MORE HUMANE THAN THE LOGICIAN: BENEFICENT DEVIATIONS FROM RATIONALITY.

The only rational way to play Prisoner’s Dilemma, as a selfish myopic utility maximizer (Economic Man) is to play D (defect). Yet this way one ends up with less than the maximum pay-off, which is possible only if the two players agree to cooperate and keep that agreement.

How do real humans play? In numerous PD game experi-ments, the degree of cooperation starts at about 50%, then dips down, and eventually comes up again to above 50%. (The latter is the average between CC and DD lock-ins – more CC than DD.) Yet, by rational selfish myopic logic, people should play DD all the time. Why are real humans so much better than strict logicians?

Partly because they expect (and often get) reciprocity from their partners (opponents?), especially if they expect to meet them again. (I.e. in long protocols or in computer tournaments.) Axelrod showed that tit-for-tat reciprocity can persists in spite of DD attacks, and even successfully invade a society of DD players. (Cf. “Survival of Cooperation”.) Partly they learn as they play. And partly they know how to communicate with their partner (who is not really an opponent) by non-verbal signals, i.e. their mode of play. In sum, real humans are much smarter than strict logicians. Or, put another way, rationality is not the apex of intellectual capability. Experience far outruns strict reasoning-by-the-rules when it comes to winning playful games, and even dead-serious games of survival in the real world. Humans have evolved to play these dead-serious games, not to follow syllogisms or true/false tables.

Another instructive example of this propensity is so-called prospect theory, which has to do with decision-making. The rational way to make decisions is expected utility calculation: one outlines all the options, assigns to each outcome its utility (how much one values it) and its probability of being realized in that option, multiplies each utility by its probability of attainment (to obtain the so-called “expected utility”), and then chooses the largest expected utility.

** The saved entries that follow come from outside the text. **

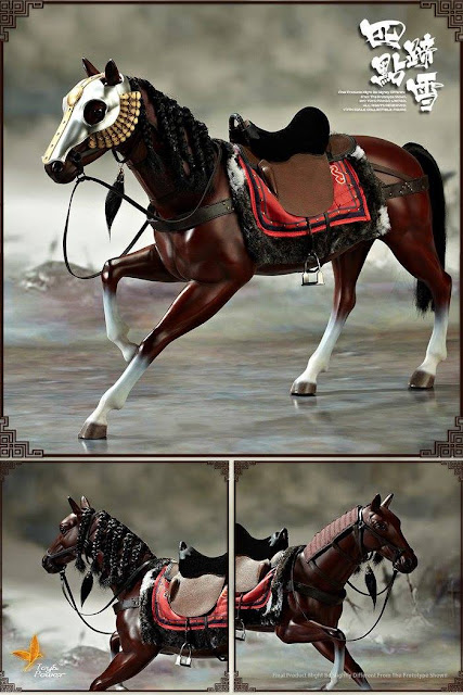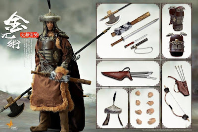 Toys Power Jinwuzhu 1/6th scale Wanyanzongbi 12-inch Deluxe Figure Set Features: golden back cut mountain axe, metal long sword, newly developed head sculpt with artificial hair and floral braid, body approximately 32 cm tall, Four (4) pair of hands, figure stand, felt helmet, shirt, round neck robe, trousers, boots, cloak, belt, suit of leather armor, shoulder armor, waist armor, dagger, bow, Eight (8) arrows, bow set, quiver, snow hoof fire dragon horse, cortical saddle, set of rein, pure cotton cushion, stirrups, set of horse face armor and neck strap, hand sewn army flag with pyrograph, flagpole, stone flag base
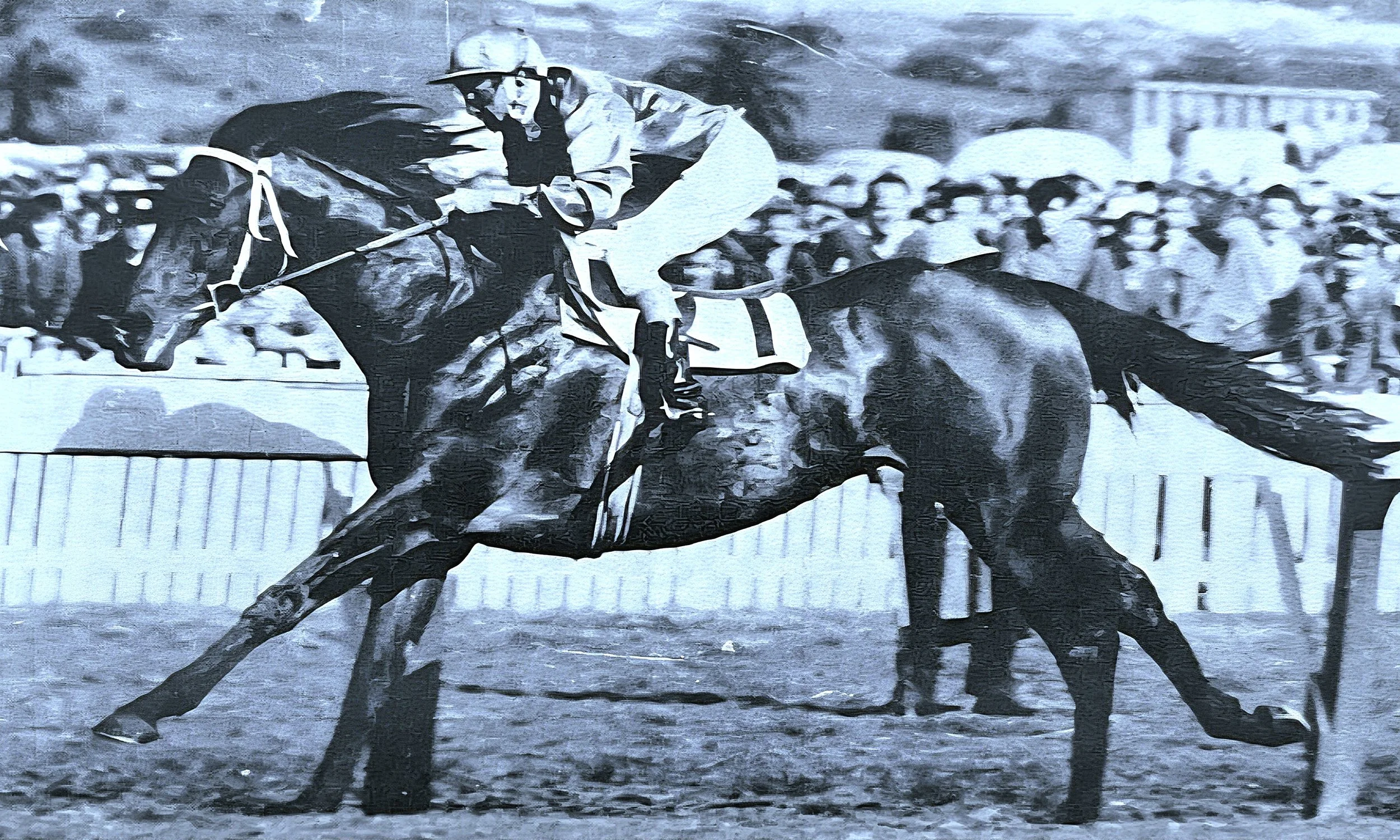 SKY HIGH began his career in October, 1959, with a slashing win in the AJC Breeders’ Plate at Randwick. In the autumn of 1960 he was a 7-4 on winner of the Golden Slipper, defeating his great rival, WENONA GIRL. In the spring he moved to Melbourne where he was given little hope in the Victoria Derby; but he blitzed the field, leading from start to finish. 1961 was a stellar year for Sky High, winning the VRC Lightning Stakes, VATC Futurity Stakes, Caulfield Stakes, VRC Mackinnon Stakes in Melbourne, the STC Canterbury Stakes, AJC All Aged Stakes and Epsom Handicap in Sydney. In 1962 he won a further ten races at the highest level.
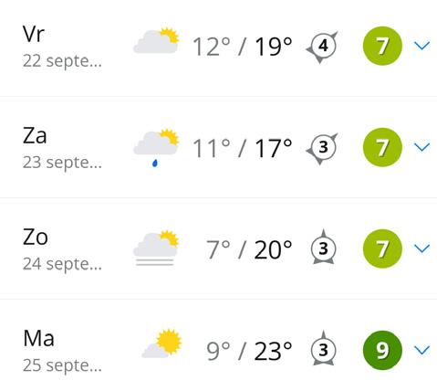 Dinsdagmiddag komen we nog iets hoger uit. Dat geldt ook nog voor de woensdag, maar dan zien we vanuit het zuidwesten de bewolking al toenemen. ’s Avonds volgt waarschijnlijk wat regen of een bui. De rest van de week lijkt meestal licht wisselvallig te verlopen met soms een bui, maar ook zeker nog ruimte voor de zon. Daarbij wordt het minder warm met maxima dan veelal rond of iets onder de 20 graden.
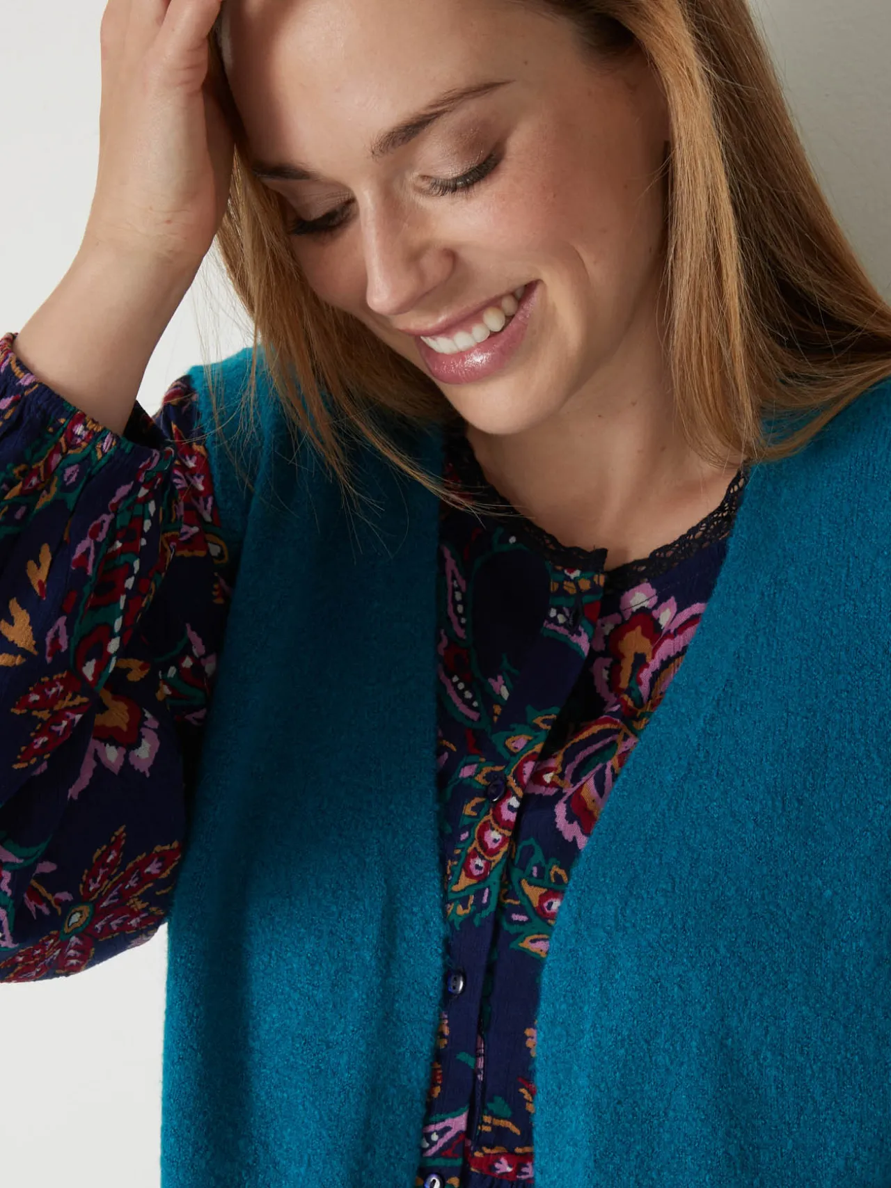 Un petit gilet sans manches que l’on aime par-dessus tout et que l’on porte par dessus- tout ! Sur une blouse, une robe, un sous-pull, il est toujours une petit appoint chaleur et style très apprécié.
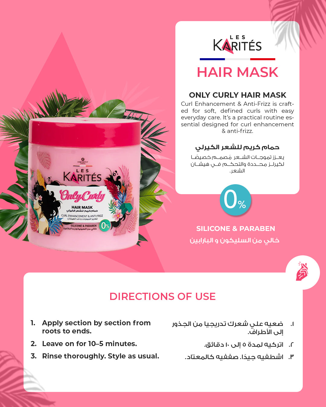 كارتيه حمام كريم كيرلي 475مل Les Karites Only Curly Hair Mask 475ML: سر الترطيب العميق لشعر كيرلي ناعم ومتغذّي
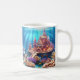 Coffee mug of an underwater castle made of colourful corals. The residence of an ancient race of water elves and mermaids, this castle presides over a subaquatic kingdom of marine life and fishes, never before discovered by man. The only visitor they receive from above are the powerful rays of the Sun which refract through the ocean to reach its depths. This image was done with Stable Diffusion, and slightly altered by me.
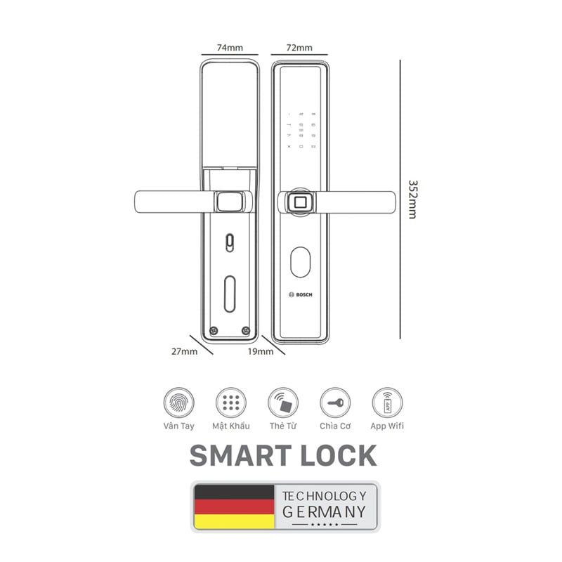 Mặt khóa ngoài: Hợp kim nhôm, IML
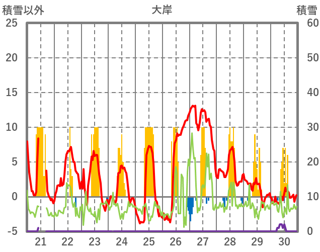 | 日 | 時 | 気温 | 降水 | 風向/風速 | 日照 | 積雪 | 降雪 |
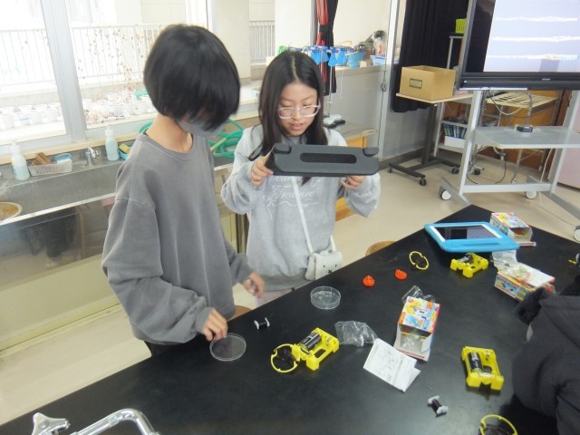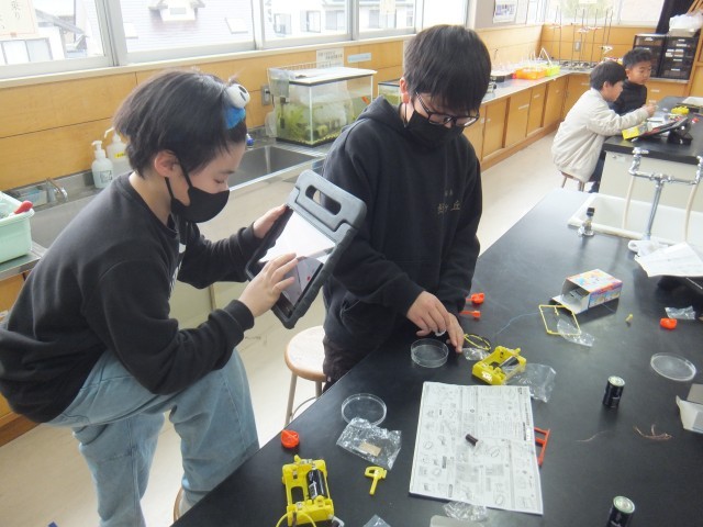 理科の時間、電磁石の動画を見て、電磁石のはたらきや性質を確認しました。実験キットを組み立てて、一人ずつ、導線を100回巻きしたコイルに鉄芯を入れた電磁石と、導線を200回巻したコイルに鉄芯を入れた電磁石を作りました。丁寧に重ねて導線を巻くことができました。その導線の巻き数を変えた2つの電磁石を使って、運ぶことができた鉄くぎの数を比べました。200回巻きの電磁石のほうが100回巻きの電磁石よりも、たくさん鉄くぎを運ぶことができました。実験の結果から、導線の巻き数を多くすると、電磁石の力が強くなることが分かりました。

However, again real people deviate from such rational behaviour. The deviations are systematized in so-called “prospect theory”. They are of several kinds.

  1. People tend to over-estimate losses and under-estimate gains.
  2. People tend to judge losses and gains from the present state (status quo) rather than from an absolute base.
  3. People tend to prefer a small but sure gain over a probable larger gain even if expected utilities are equal or reversed.
  4. People tend to prefer a sure security against losses to probable security against larger losses even if the expected utility is the same.
  5. People react differently when risks are stated in percentages rather than in actual numbers.
  6. People tend to react differently to very small probabilities regarding gains and losses: e.g. gamble to win in lotteries but disregard dangers of road accidents.

Looking over this list, it seems that a brain attuned to survival rather than abstract thought could be expected to have exactly this kind of deviations from rationality. For example, it would prefer absolute security against large losses (especially death) to anything else. Gains are nice, but relatively less important.

To conclude: rationality in the sense of cost-benefit calculations plays a part in human decision-making, but not the predominant part. Experiments show that real people are much more flexible in their reasoning and interactions with others, and much more oriented toward survival (as Darwinian theory would predict) than the austere but arid logician.